News & Insights 22 June 2007

The World’s Most Famous Festival

Friday 22 June, 7am (Car Park, Glastonbury Festival, Somerset):
I wake up, reluctantly, and squint at my immediate surroundings. I am feeling really quite wretched. We have had less than two hours sleep on the back of a 14-hour day in the studio and a 3-hour drive to Somerset. And when I say “sleep”, I am using that word in its loosest sense. Three grown men squeezed into the back of an estate car with a couple of tents and a sizeable collection of instruments is not the kind of environment that promotes blissful slumber. Believe me.

Imagine, if you will, that upon waking up in said environment, your next task is to trudge for 45 minutes through the rain with half your belongings strapped to your back and squeeze awkwardly through about 27 different turnstiles and checkpoints whilst trying to keep your hair looking nice for the gig you are playing at the world’s most famous festival in just a few hours. This experience turns out not be a great deal of fun.

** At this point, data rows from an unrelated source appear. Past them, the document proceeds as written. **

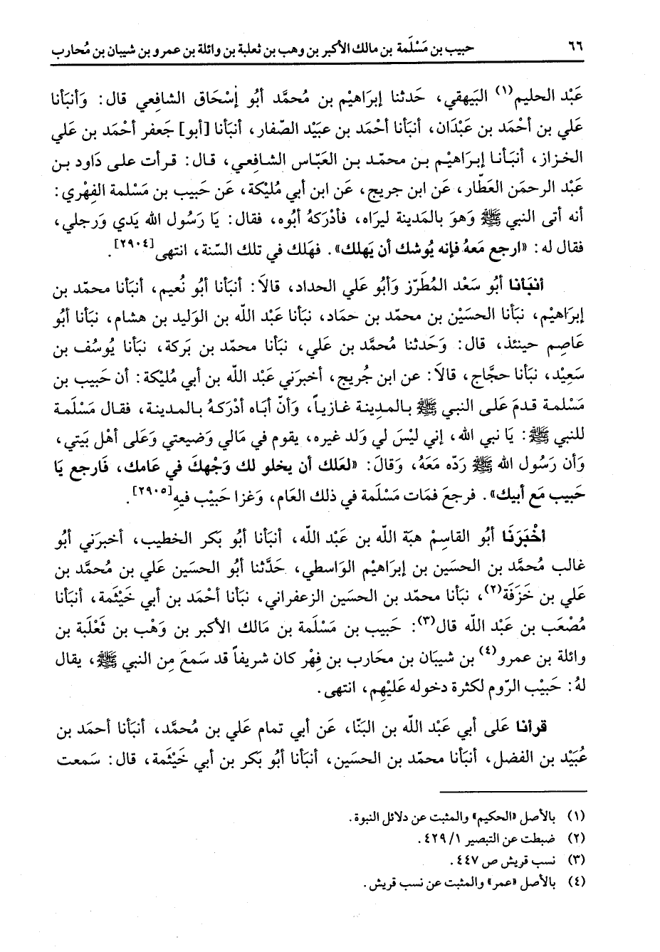 عبد الحليم (1) البيهقي حدثنا إبراهيم بن محمد أبو إسحاق الشافعي قال وأنبأنا علي بن أحمد بن عبدان أنبأنا أحمد بن عبيد الصفار أنبأنا أبو جعفر أحمد بن علي الخزاز أنبأنا إبراهيم بن محمد بن العباس الشافعي قال قرأت على داود بن عبد الرحمن العطار عن ابن جريج عن ابن أبي مليكة عن حبيب بن مسلمة الفهري أنه أتى النبي (صلى الله عليه وسلم) وهو بالمدينة ليراه فأدركه أبوه فقال يا رسول الله يدي ورجلي فقال له ارجع معه فإنه يوشك أن يهلك فهلك في تلك السنة انتهى أنبأنا أبو سعد المطرز وأبو علي الحداد قالا أنبأنا أبو نعيم أنبأنا محمد بن إبراهيم نبأنا الحسين بن محمد بن حماد نبأنا عبد الله بن الوليد بن هشام نبأنا أبو عاصم حينئذ قال وحدثنا محمد بن علي نبأنا محمد بن بركة نبأنا يوسف بن سعيد نبأنا حجاج قالا عن ابن جريج أخبرني عبد الله بن أبي مليكة أن حبيب بن مسلمة قدم على النبي (صلى الله عليه وسلم) بالمدينة غازيا وان أباه أدركه بالمدينة فقال مسلمة للنبي (صلى الله عليه وسلم) يا نبي الله إني ليس لي ولد غيره يقوم في مالي وضيعتي وعلى أهل بيتي وان رسول الله (صلى الله عليه وسلم) رده معه وقال لعلك أن يخلو لك وجهك في عامك فارجع يا حبيب مع أبيك فرجع فمات مسلمة في ذلك العام وغزا حبيب فيه أخبرنا أبو القاسم هبة الله بن عبد الله أنبأنا أبو بكر الخطيب أخبرني أبو غالب محمد بن الحسين بن إبراهيم الواسطي حدثنا أبو الحسين علي بن محمد بن علي بن خزفة (2) نبأنا محمد بن الحسين الزعفراني نبأنا أحمد بن أبي خيثمة أنبأنا مصعب بن عبد الله قال (3) حبيب بن مسلمة بن مالك الأكبر بن وهب بن ثعلبة بن وائلة بن عمرو (4) بن شيبان بن محارب بن فهر كان شريفا قد سمع من النبي (صلى الله عليه وسلم) يقال له حبيب الروم لكثرة دخوله عليهم انتهى قرأنا على أبي عبد الله بن البنا عن أبي تمام علي بن محمد أنبأنا أحمد بن عبيد بن الفضل أنبأنا محمد بن الحسين أنبأنا أبو بكر بن أبي خيثمة قال سمعت
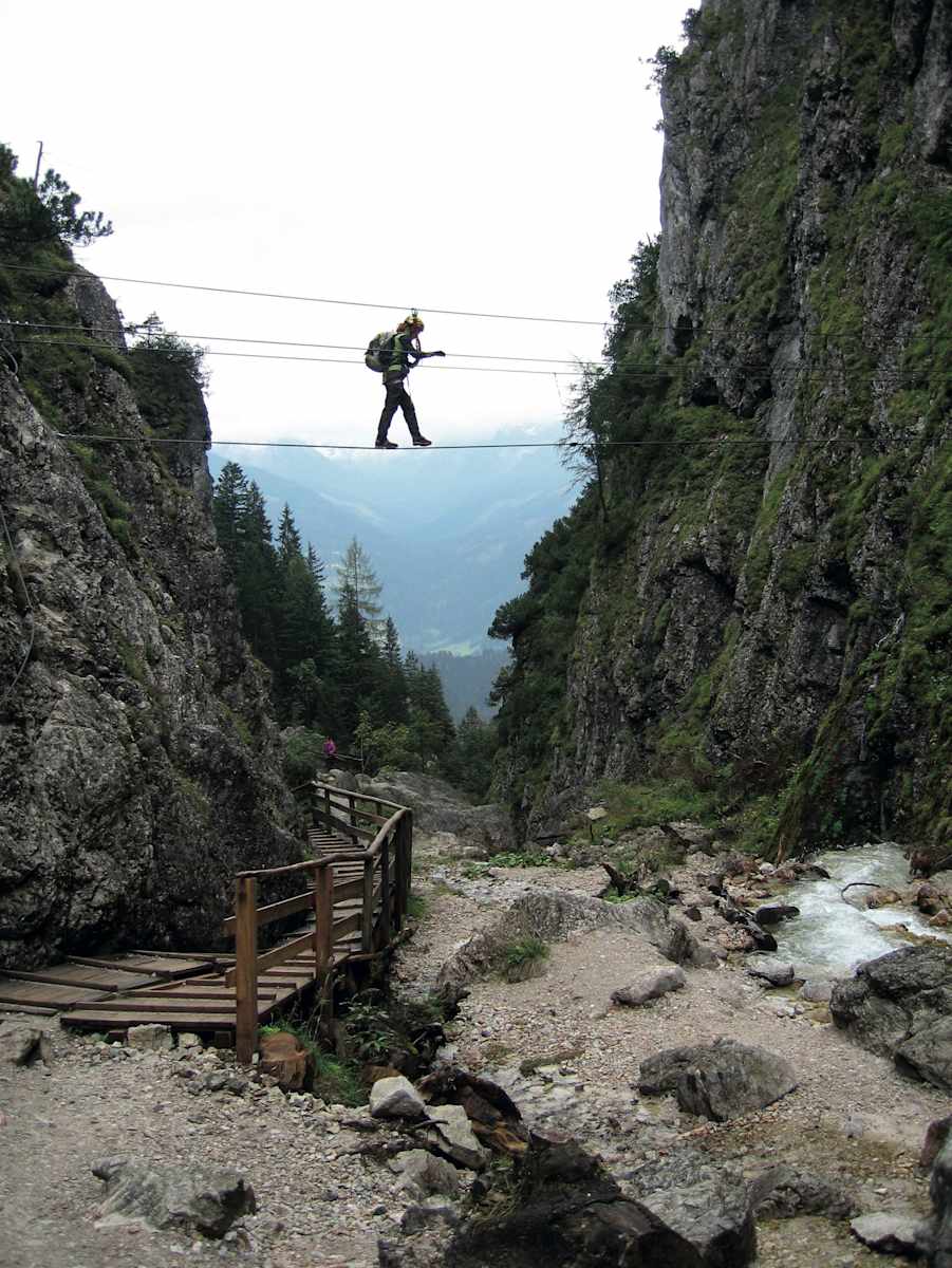 Über eine kurze Felsstufe (B) aufwärts zur Seilbrücke und über diese (B/C) zur gegenüber liegenden Klammseite. Steigverlauf siehe Topo.
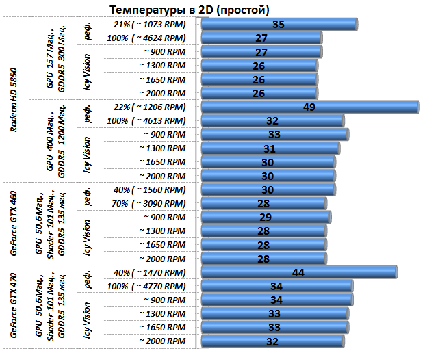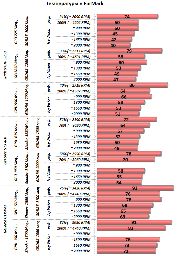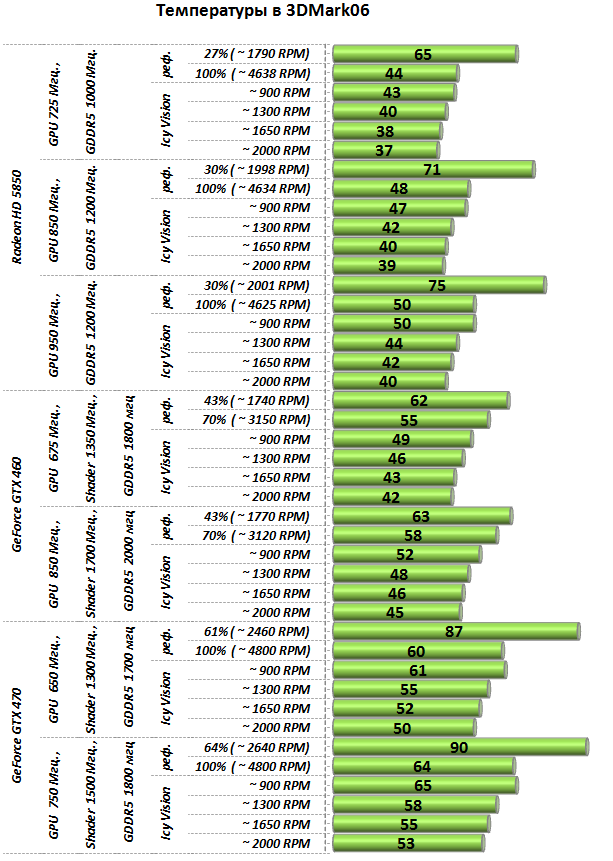 Как можно увидеть из общих графиков трёх протестированных карт, самый «горячий» нрав у GTX 470 (впрочем, этот самый "нрав" был успешно «укрощён» использованной в тестах СО). Что касается GTX 460 и HD 5850, при использовании VGA-кулера наблюдается паритет. Правда, нужно учитывать, что на 5850 «разгон» был по тактовым частотам выше, чем на 460-ой. Конечно, дискуссию по поводу отличий карточек и всего остального можно развести до бесконечности, да и сравнивать одно с другим будет не совсем правильно. Искренне надеюсь, что вы меня поняли, уважаемые читатели!

Nevertheless, we are here to play a gig at the world’s most famous festival and whichever way you look at it, that is still pretty exciting. We are handed our Glastonbury programmes at the main entrance and scan through to find our mention – The Lightyears, Small World Stage, 12pm. Glancing through the pages, it becomes clear that we are pretty much the first band on, on the first day of scheduled music, on perhaps the smallest stage at the festival. However, we are still on the bill and that’s what counts. What’s more, this means that, in theory, we have played on the same bill as The Who, who are headlining on Sunday evening. If you wanted to be pernickety you would point out that there are approximately 476 bands in-between us and them, but pah! That is a mere technicality. The Lightyears and The Who. Best of chums. Except that they were probably choppered into the festival, whilst we arrived in an only semi-functioning Mitsubishi Space Wagon. Sometimes life just isn’t fair.

Having pitched our tents, we rock up to the Small World Stage at about 11.30am to set up our gear. The place is pretty much deserted. The mythical “Pony”, who has been running this stage for years, is nowhere to be seen. A couple of sleeping bodies are strewn across the floor. Looks like they had a big one last night…

Gradually, come 11.45, people begin to filter in. I gather from the sound engineer that a significant crowd gathered yesterday at this time, when we were initially scheduled to play (we pushed it back a day so we could spend longer in the studio). “We’ve never had that many people come and ask us about an act before. Looks like you boys have got a lot of fans. You’d better be good!”. Yes, we had, I think. Problem is, I’m not convinced I can even form sentences yet today, let alone sing complex harmonies and leap around the stage.

I genuinely have never done this in preparation for a gig before – and so I’m not just saying it to impress you – but at this point I decide to see off a good 150ml or so of neat whisky. Whisky seemed like the most economical alcohol to bring on-site, as beer is heavy and doesn’t taste any good warm, and drinking spirits at this hour is, after all, a festival tradition. This gees me up quite a bit.

By midday, the tent is three-quarters full. Time to kick off. We start the set gently, with Fine, so as not to freak anyone out (we may have been up for five hours but I get the impression that it’s still breakfast time for everyone else). Gradually we rock things up a bit, playing Beat AliveDon’t Want You and Sleepless. By this point, the tent is packed, we are really beginning to enjoy ourselves and there’s a great atmosphere in the place. After high-energy acoustic versions of Emily and Banana Republic, we close the set with Girl On The Radio and leave the stage to enthusiastic applause. Calls for an encore lead to us dusting off The Last Night (from our 2005 album Mission Creep), which we haven’t played in at least a year. It’s written to be played at festivals, this song – 12/8 time signature, soaring harmonies, de-tuned acoustic guitar. Very chilled indeed. Nice.

Good job boys. Next stop – Bright Eyes, on the Other Stage. Best get the ciders in, eh?!